::: DATA FOR THIS TASK

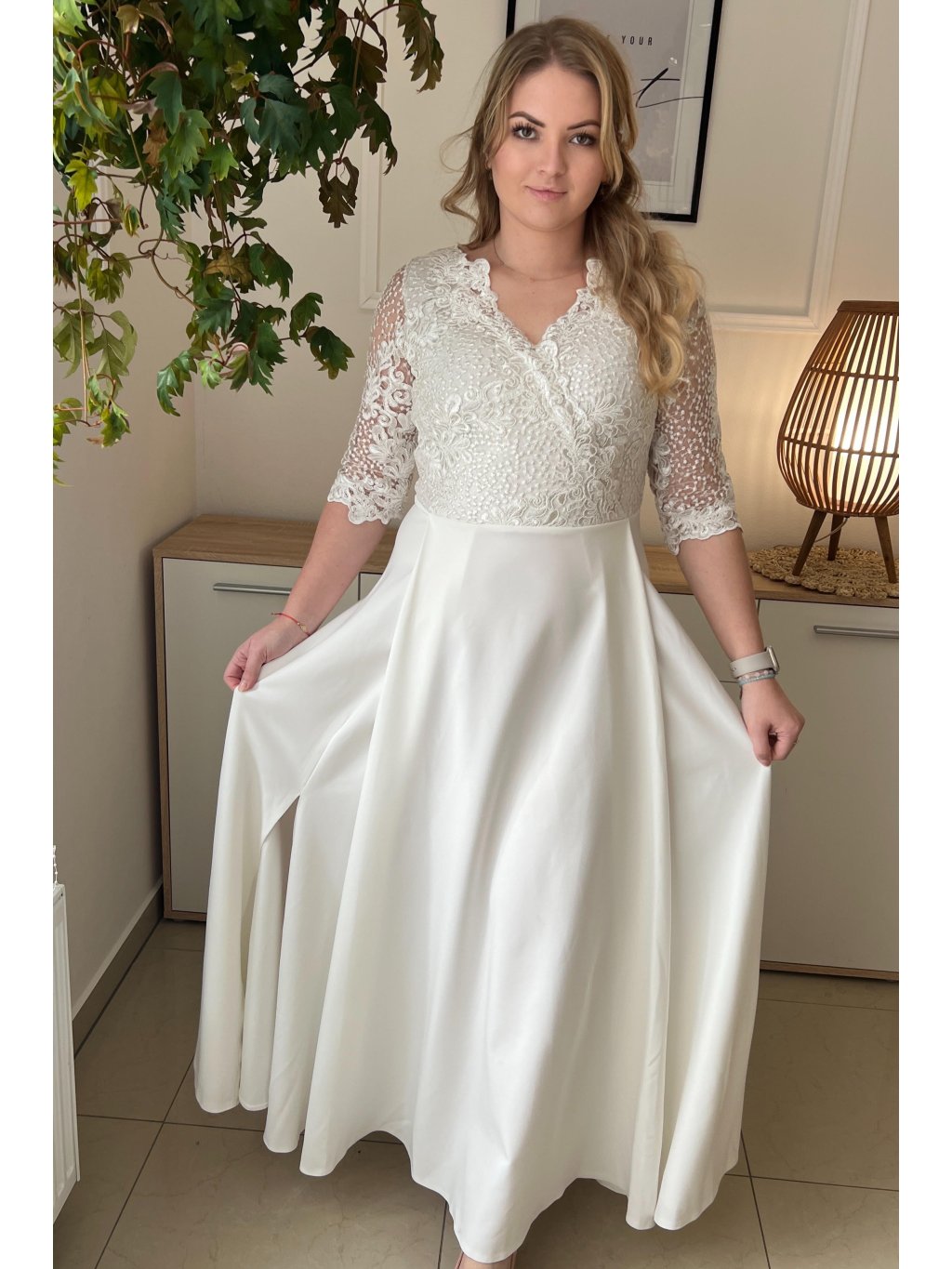 ZĽAVA Dlhé dámske spoločenské šaty pre moletky Roselyn smotanové gipiura čipka
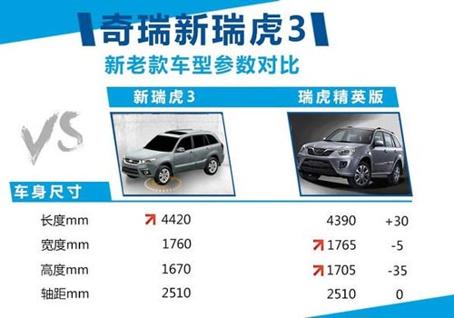 同時(shí)我們也于日前得到了瑞虎3的申報(bào)圖,按照瑞虎3的產(chǎn)品定位將低于瑞虎5,主打時(shí)下小型SUV市場(chǎng)。在整車尺寸方面,瑞虎3長(zhǎng)寬高分別為4420mm/1760mm/1670mm。與現(xiàn)款瑞虎相比,長(zhǎng)度高出了30mm,而寬度和高度相比現(xiàn)款分別減少了5mm/35mm,軸距仍為2510mm。
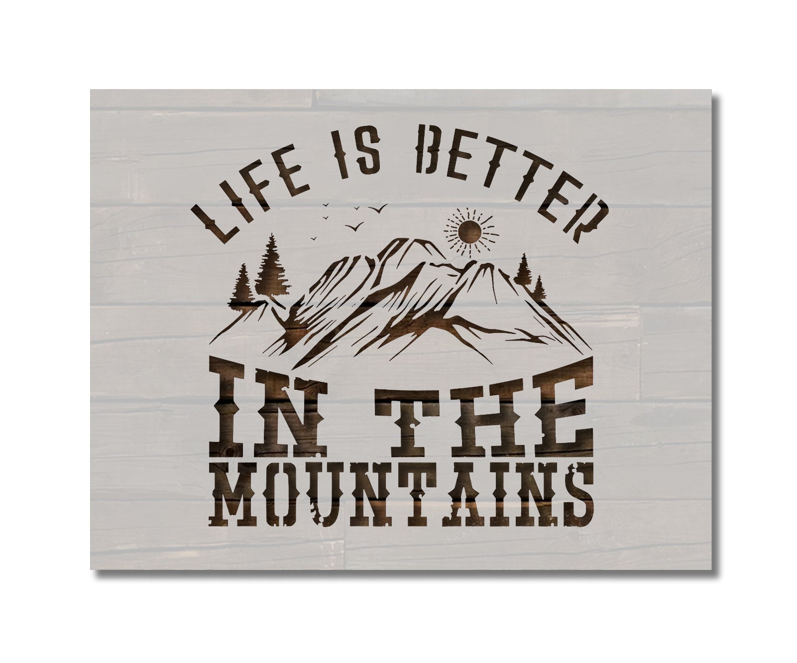 The stencil displays the phrase “Life is Better in the Mountains” with scenic mountain imagery, ideal for lodge or farmhouse décor.
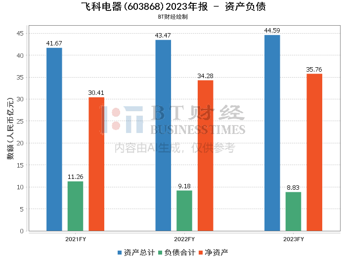 在资产负债方面,飞科电器的总资产从年初的43.47亿元增长到年末的44.59亿元,增长了2.59%。负债总额从年初的9.18亿元减少到年末的8.83亿元,减少了3.81%。净资产从年初的34.28亿元增长到年末的35.76亿元,增长了4.32%。资产负债率从年初的21.13%降低到年末的19.8%,显示公司的财务结构更加稳健。
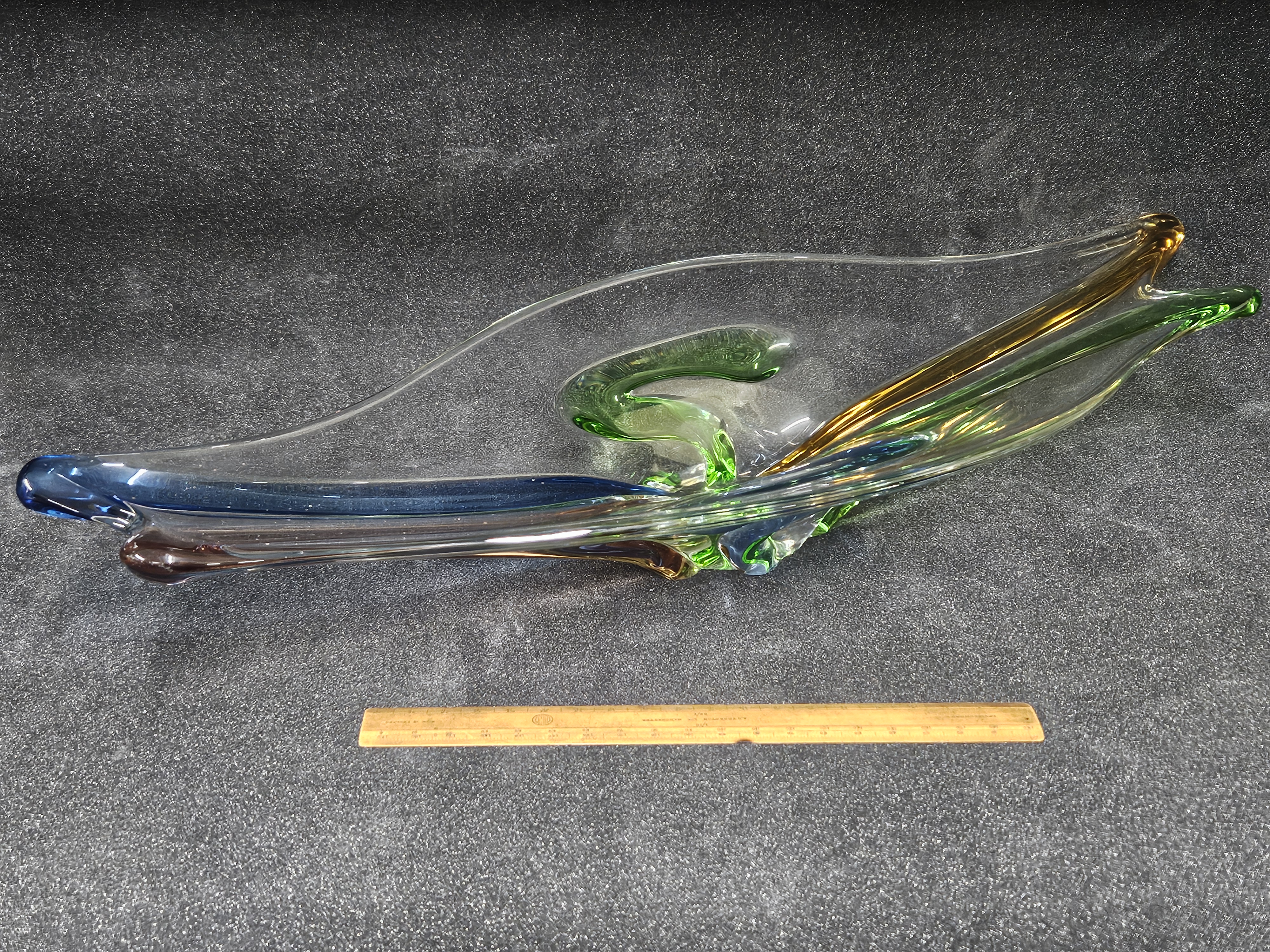 A 1960’s large art glass Frantisek Czechoslovakian dish, of multi colour shaped design, width 76cm

::::::

## EXERCISE DETAILS
Copy the lines above exactly. Do not include pictures.

## THE COMPLETED TASK
 ZĽAVA Dlhé dámske spoločenské šaty pre moletky Roselyn smotanové gipiura čipka
 同時(shí)我們也于日前得到了瑞虎3的申報(bào)圖,按照瑞虎3的產(chǎn)品定位將低于瑞虎5,主打時(shí)下小型SUV市場(chǎng)。在整車尺寸方面,瑞虎3長(zhǎng)寬高分別為4420mm/1760mm/1670mm。與現(xiàn)款瑞虎相比,長(zhǎng)度高出了30mm,而寬度和高度相比現(xiàn)款分別減少了5mm/35mm,軸距仍為2510mm。
 The stencil displays the phrase “Life is Better in the Mountains” with scenic mountain imagery, ideal for lodge or farmhouse décor.
 在资产负债方面,飞科电器的总资产从年初的43.47亿元增长到年末的44.59亿元,增长了2.59%。负债总额从年初的9.18亿元减少到年末的8.83亿元,减少了3.81%。净资产从年初的34.28亿元增长到年末的35.76亿元,增长了4.32%。资产负债率从年初的21.13%降低到年末的19.8%,显示公司的财务结构更加稳健。
 A 1960’s large art glass Frantisek Czechoslovakian dish, of multi colour shaped design, width 76cm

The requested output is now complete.